KOLKATA STYLE EGG ROLL





Ingredients:

FOR THE WRAP:   
250 gram Maida (flour)
1teaspoon Salt
2 teaspoon Sugar
2 tablespoon Ghee
Warm water as required to make the dough

FOR THE FILLING:   
4 Eggs
2 medium sized Onions
1 medium sized Cucumber
6 Green chillies
1 large    Lime
2 teaspoon Chaat masala
1.5 teaspoon Rocksalt
1 teaspoon black pepper powder
4 tablespoon Tomato ketchup
4 tablespoon Chilli sauce
8 tablespoon Vegetable oil





Method:
For the outer paratha/wrap, add the flour, salt, sugar, and dalda to a mixing bowl. Combine the ingredients until the fat is well dispersed in the flour. Take your time and rub the flour between your fingers until it resembles breadcrumbs in texture. This will lead to a flakier crust.
Now add the warm water and knead the dough for about 5 minutes until it is soft and smooth. Coat it with oil(1 tablespoon), cover the bowl, and allow it to rest for 30 minutes.
Meanwhile, mix together finely sliced onions, chopped green chillies and the juice of half a lime. Pickling the onions in lime juice reduces their sharpness. If using cucumber, peel it and remove the central seeds. Then chop them into thin matchsticks. Create an assembly station where you gather all the items required for the filling. This will allow you to easily put together the roll once the paratha is off the stove.
Back to the dough: once it has rested, divide it into different parts and make 4 large size balls from it.Now,pinch a large sized ball dough, roll and flatten it.Also dust with some wheat flour.Roll it into a thin circle as of chapathi.Roll as thin as possible.Grease it with oil and sprinkle wheat flour over it.Now start creating pleats by folding with the help of fingers.Stretch the pleated dough as much as possible.Begin to roll the pleated dough like a swiss roll.Now, secure the end by pressing gently.Take the rolled ball and dust with some wheat flour.And start rolling to a thin circle.
Beat an egg with a pinch of salt and keep at the ready.
Heat a flat frying pan or skillet and place the rolled paratha.Flip off after a minute and cook the other side.Grease both the sides with oil.Crush the paratha to form layers.Pay special attention to the sides to ensure that they crisp too.

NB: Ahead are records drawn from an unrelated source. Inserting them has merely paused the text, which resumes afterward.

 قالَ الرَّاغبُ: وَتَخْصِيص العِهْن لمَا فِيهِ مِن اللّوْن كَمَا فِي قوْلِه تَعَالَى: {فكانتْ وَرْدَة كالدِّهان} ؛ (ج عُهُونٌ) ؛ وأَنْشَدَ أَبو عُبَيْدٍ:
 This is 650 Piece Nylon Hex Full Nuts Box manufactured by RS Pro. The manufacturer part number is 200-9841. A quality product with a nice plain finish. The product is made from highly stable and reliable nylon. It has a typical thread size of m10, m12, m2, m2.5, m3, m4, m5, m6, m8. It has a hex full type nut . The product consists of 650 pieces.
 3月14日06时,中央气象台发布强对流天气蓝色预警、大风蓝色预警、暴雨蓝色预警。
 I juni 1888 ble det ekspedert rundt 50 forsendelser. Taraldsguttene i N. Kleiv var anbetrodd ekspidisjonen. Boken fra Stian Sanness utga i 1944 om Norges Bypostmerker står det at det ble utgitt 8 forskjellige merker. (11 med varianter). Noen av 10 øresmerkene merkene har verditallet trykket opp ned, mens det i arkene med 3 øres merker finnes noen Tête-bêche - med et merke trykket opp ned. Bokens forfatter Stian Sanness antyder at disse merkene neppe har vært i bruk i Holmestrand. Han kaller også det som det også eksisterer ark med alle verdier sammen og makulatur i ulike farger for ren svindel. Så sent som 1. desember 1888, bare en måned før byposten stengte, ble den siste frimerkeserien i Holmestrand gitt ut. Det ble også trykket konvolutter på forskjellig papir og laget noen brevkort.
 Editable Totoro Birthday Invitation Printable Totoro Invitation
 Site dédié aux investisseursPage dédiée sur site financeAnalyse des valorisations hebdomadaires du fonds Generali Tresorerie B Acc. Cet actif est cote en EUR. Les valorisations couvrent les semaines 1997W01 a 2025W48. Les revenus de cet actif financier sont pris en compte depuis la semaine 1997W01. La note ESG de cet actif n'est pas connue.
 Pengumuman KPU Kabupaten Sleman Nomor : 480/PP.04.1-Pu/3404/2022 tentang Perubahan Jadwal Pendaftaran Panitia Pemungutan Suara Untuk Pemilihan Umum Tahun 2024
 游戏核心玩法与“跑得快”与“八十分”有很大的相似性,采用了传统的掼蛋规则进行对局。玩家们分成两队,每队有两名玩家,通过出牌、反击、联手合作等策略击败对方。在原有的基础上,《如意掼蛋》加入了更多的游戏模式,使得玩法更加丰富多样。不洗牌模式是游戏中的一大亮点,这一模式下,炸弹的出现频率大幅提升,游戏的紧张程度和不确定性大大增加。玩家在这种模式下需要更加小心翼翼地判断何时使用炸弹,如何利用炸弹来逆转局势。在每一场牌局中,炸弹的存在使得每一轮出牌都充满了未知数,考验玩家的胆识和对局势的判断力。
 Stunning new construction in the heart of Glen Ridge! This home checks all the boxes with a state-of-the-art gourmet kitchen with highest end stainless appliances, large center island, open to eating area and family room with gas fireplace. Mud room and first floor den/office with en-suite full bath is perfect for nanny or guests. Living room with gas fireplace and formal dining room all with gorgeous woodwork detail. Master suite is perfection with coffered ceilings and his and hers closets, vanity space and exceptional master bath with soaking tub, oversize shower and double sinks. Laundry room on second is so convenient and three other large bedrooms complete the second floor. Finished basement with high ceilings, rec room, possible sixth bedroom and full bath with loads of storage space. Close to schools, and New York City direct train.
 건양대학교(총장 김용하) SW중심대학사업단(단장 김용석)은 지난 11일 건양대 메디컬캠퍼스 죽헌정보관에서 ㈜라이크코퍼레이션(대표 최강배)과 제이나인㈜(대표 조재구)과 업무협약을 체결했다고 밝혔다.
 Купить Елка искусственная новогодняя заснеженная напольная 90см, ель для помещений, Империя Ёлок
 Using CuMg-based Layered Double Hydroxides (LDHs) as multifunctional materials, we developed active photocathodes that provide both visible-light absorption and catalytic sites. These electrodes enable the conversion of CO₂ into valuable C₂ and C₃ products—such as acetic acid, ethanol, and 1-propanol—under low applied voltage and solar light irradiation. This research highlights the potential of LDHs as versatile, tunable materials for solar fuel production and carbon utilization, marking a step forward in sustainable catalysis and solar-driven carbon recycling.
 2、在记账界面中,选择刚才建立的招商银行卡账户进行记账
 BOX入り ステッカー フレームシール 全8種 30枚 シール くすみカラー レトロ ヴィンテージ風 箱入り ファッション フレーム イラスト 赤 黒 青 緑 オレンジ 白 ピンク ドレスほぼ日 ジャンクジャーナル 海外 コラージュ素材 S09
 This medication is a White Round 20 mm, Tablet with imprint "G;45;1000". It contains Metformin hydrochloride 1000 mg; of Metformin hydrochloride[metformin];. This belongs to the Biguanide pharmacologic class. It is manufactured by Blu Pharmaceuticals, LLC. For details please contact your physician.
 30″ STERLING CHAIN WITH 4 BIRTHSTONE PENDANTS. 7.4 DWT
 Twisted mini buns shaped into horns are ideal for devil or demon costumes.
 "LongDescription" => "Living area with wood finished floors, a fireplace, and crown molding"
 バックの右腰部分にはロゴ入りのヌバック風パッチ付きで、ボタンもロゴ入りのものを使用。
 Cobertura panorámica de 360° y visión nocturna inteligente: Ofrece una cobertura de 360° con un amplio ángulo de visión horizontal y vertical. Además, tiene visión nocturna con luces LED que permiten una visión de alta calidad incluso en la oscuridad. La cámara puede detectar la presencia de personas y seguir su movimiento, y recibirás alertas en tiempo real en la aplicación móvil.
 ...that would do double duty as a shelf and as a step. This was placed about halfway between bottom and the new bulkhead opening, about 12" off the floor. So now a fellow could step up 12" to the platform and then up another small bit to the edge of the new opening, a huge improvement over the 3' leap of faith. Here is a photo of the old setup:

Once the paratha is completely cooked, spread the beaten egg over it. Before it settles, turn over to fry the side with the egg. Transfer it to the assembly station, with the egg side facing up.
Sprinkle it with chaat masala and rocksalt. Add a row of the pickled onions a little off the centre of the paratha. Squeeze some lime juice over it. Top it with cucumber.Finish everything off with few squirts of tomato ketchup and chilli sauce.
Form a tight roll, making sure the filling is all enclosed within the paratha. Wrap a paper around two-thirds of the roll and tuck any excess at the bottom.
Serve hot with green chillis and lime wedges.